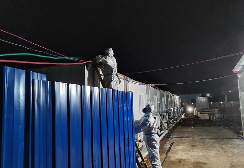 疫情就是命令,防控就是責任。國網(wǎng)東安縣供電公司黨委積極部署制定方案,以楊成為首的4名工作人員進入防控區(qū)域進行作業(yè),著全套防護服、攜帶登桿、搶修各類工具及材料進入管控區(qū)域。隨后,工作人員開始對院內(nèi)的變壓器以及用電線路等設(shè)備進行全面檢查,為盡快恢復(fù)隔離點供電,從排查電氣、監(jiān)測漏電保護器、更換導(dǎo)線,大家爭分奪秒。“夜間作業(yè)視線不好,要特別注意安全,要戴好口罩,注意自身的防護!”楊成叮囑每一位搶修人員,在應(yīng)急搶修燈的照明下,工作人員不敢有絲毫的麻痹大意,嚴密監(jiān)護作業(yè)……一道道工序有條不紊地進行著,雖然天氣變冷,但是密不透風的防護服和口罩很快便被汗水打濕,他們在夜幕中來回穿梭,與時間賽跑,與疫情競速,用時6小時,奮戰(zhàn)到晚上23點圓滿完成緊急供電任務(wù)。
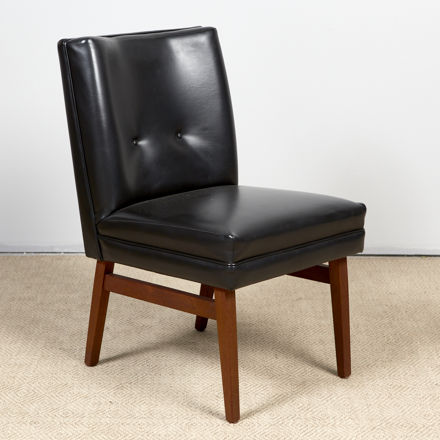 A MODERNIST VINYL UPHOLSTERED LOUNGE CHAIR (89H X 51W X 66D CM) (LEONARD JOEL DELIVERY: LARGE)
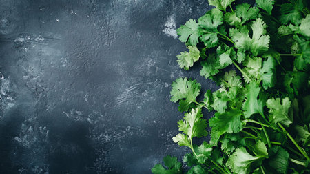 Coriander leaves on dark background, top view, copy space
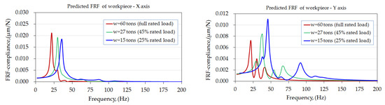 Figure 13 illustrates the FRFs predicted at the cutting point on the workpiece in three orthogonal directions. These FRFs represent the variation in dynamic compliance with the change in the excitation frequency of the cutting force and show that the frequency responses of the workpiece vary with its weight. The maximum compliance occurs at a different frequency for each orthogonal direction; these frequencies are associated with the vibration modes for rolling motion in the X-direction, vertical motion in the Y-direction, and pitching modes in the Z-direction.

## Requirement:
The whole listing above must be duplicated word for word, apart from its pictures.

## Final answer:
 疫情就是命令,防控就是責任。國網(wǎng)東安縣供電公司黨委積極部署制定方案,以楊成為首的4名工作人員進入防控區(qū)域進行作業(yè),著全套防護服、攜帶登桿、搶修各類工具及材料進入管控區(qū)域。隨后,工作人員開始對院內(nèi)的變壓器以及用電線路等設(shè)備進行全面檢查,為盡快恢復(fù)隔離點供電,從排查電氣、監(jiān)測漏電保護器、更換導(dǎo)線,大家爭分奪秒。“夜間作業(yè)視線不好,要特別注意安全,要戴好口罩,注意自身的防護!”楊成叮囑每一位搶修人員,在應(yīng)急搶修燈的照明下,工作人員不敢有絲毫的麻痹大意,嚴密監(jiān)護作業(yè)……一道道工序有條不紊地進行著,雖然天氣變冷,但是密不透風的防護服和口罩很快便被汗水打濕,他們在夜幕中來回穿梭,與時間賽跑,與疫情競速,用時6小時,奮戰(zhàn)到晚上23點圓滿完成緊急供電任務(wù)。
 A MODERNIST VINYL UPHOLSTERED LOUNGE CHAIR (89H X 51W X 66D CM) (LEONARD JOEL DELIVERY: LARGE)
 Coriander leaves on dark background, top view, copy space
 Figure 13 illustrates the FRFs predicted at the cutting point on the workpiece in three orthogonal directions. These FRFs represent the variation in dynamic compliance with the change in the excitation frequency of the cutting force and show that the frequency responses of the workpiece vary with its weight. The maximum compliance occurs at a different frequency for each orthogonal direction; these frequencies are associated with the vibration modes for rolling motion in the X-direction, vertical motion in the Y-direction, and pitching modes in the Z-direction.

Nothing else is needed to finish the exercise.